Think something similar to StackOverflow or MSDN forum. (Be mindful that developing a forum in that scale requires lot more technologies and strategies other than NoSQL). But as a scenario let’s assume we’re going to build a small scale forum with the following features.
- Forum members can post questions under categories.
- Forum members can reply to posts.
- Users have points based on their forum contribution.
In modeling our application in the Azure Table Storage, we need to identify the tables first. Users, Posts, Replies and Categories are the main tables.
Categories table can have single partition or may be two partitions – Active and Archived.
Row Key has been used to store the category name, in the entity class CategoryName has IgnoreProperty attribute, which makes it virtual and there will not be a physical column called CategoryName in the table. Since category name is the Row Key under a partition there won’t be duplicates in category names within the partition.
Keep the fixed Partition Keys as enums, this avoids mistakes (mostly typing mistakes in dealing with strings) in defining Partition Keys.
A simple query (partition scan) to retrieve all Active categories.
Users table has a special design, email address and password are used as credentials. So email address should be unique across the entire Users table regardless of the Partition Key – Row Key combination. So are we going to design the Users table in a single partition with email being the Row Key ?
This is possible but it is not a good design practice, dumping millions of user records under single partition.

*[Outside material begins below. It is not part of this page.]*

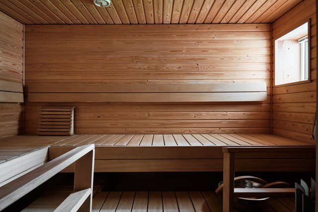 - Ikkunallinen sauna, sähkökiuas, tumma lasiovi.

The strategy is simple bucketing, I define 6 partitions for the Users table with Partition Key simply being a single number, like 1 to 6. And allocate email addresses based on their first letter.
Consider, that any email address starting from ‘a’ to ‘d’ go to partition 1, email addresses starting from ‘e’ to ‘h’ go to partition 2 like shown in the table below. This achieves both the uniqueness of the email address across the table and gives the partition scalability.
A simple method like below would decide the Partition Key.
Posts table would be a straight forward design with Partition Key being the category name and PostId (GUID) would be the Row Key. Posts of each category live in a separate parition.
Like the Category entity, Post entity class will link Partition Key and Row Key using two properties CategoryName and PostId respectively marked with the IgnoreProperty attribute. See the code snippet given below.
If you think, using category names as Partition Keys would outgrow the rows in a single partition since one category can have hundreds of thousands of rows, you can concatenate the category name along with the year and create partitions like Azure-2015, Azure-2016 or use any other possible variable.
But the point is, making sure that you can calculate the Partition Keys from a formula gives you the ability to limit your queries maximum to Partition Scans.
In this scenario, Replies table can take two highly possible designs.
First, there is no separate table for Replies, use the Posts table with an additional column called ParentId. Posts will have an empty ParentId and replies will have values for ParentId of the post they are made to. Replies also go to the same partition as Posts.
Second design is having a separate table for Replies – I would personally go for this design as we can have more detailed information specific to replies.
Partition Key would be the category name and Row Key would be the Reply ID. PostId would be another column. So in order to find the replies of a Post we would trigger a Partition Scan.
Designing an application on top of any NoSQL technology requires specific planning and architecture based on the domain and the selected NoSQL platform. The knowledge of the underlying NoSQL technology is very essential in order to make the design efficient.
For example, in the above design if we get a requirement to show the recent 20 posts in the home page, regardless of the category, this would definitely trigger a Table Scan and also we have to bring all the posts and sort it based on the TimeStamp property.
So a good decision would be having another temporary table to keep the top 20 posts, when a new post is added the Id of the post will be updated in that table and removing the last old one. We can use write behind strategies in the application to do this.
So make sure that you design the application for the technology in a correct and efficient way.
The biggest misleading point I always here in the industry is, NoSQL development is easy and takes less time. Those two arguments are subjective and also you need to compare it with some other technology, commonly they do the comparison with relational database technologies. But in my experience I don’t see any significant time savings in using a NoSQL technology. But there are other benefits for sure.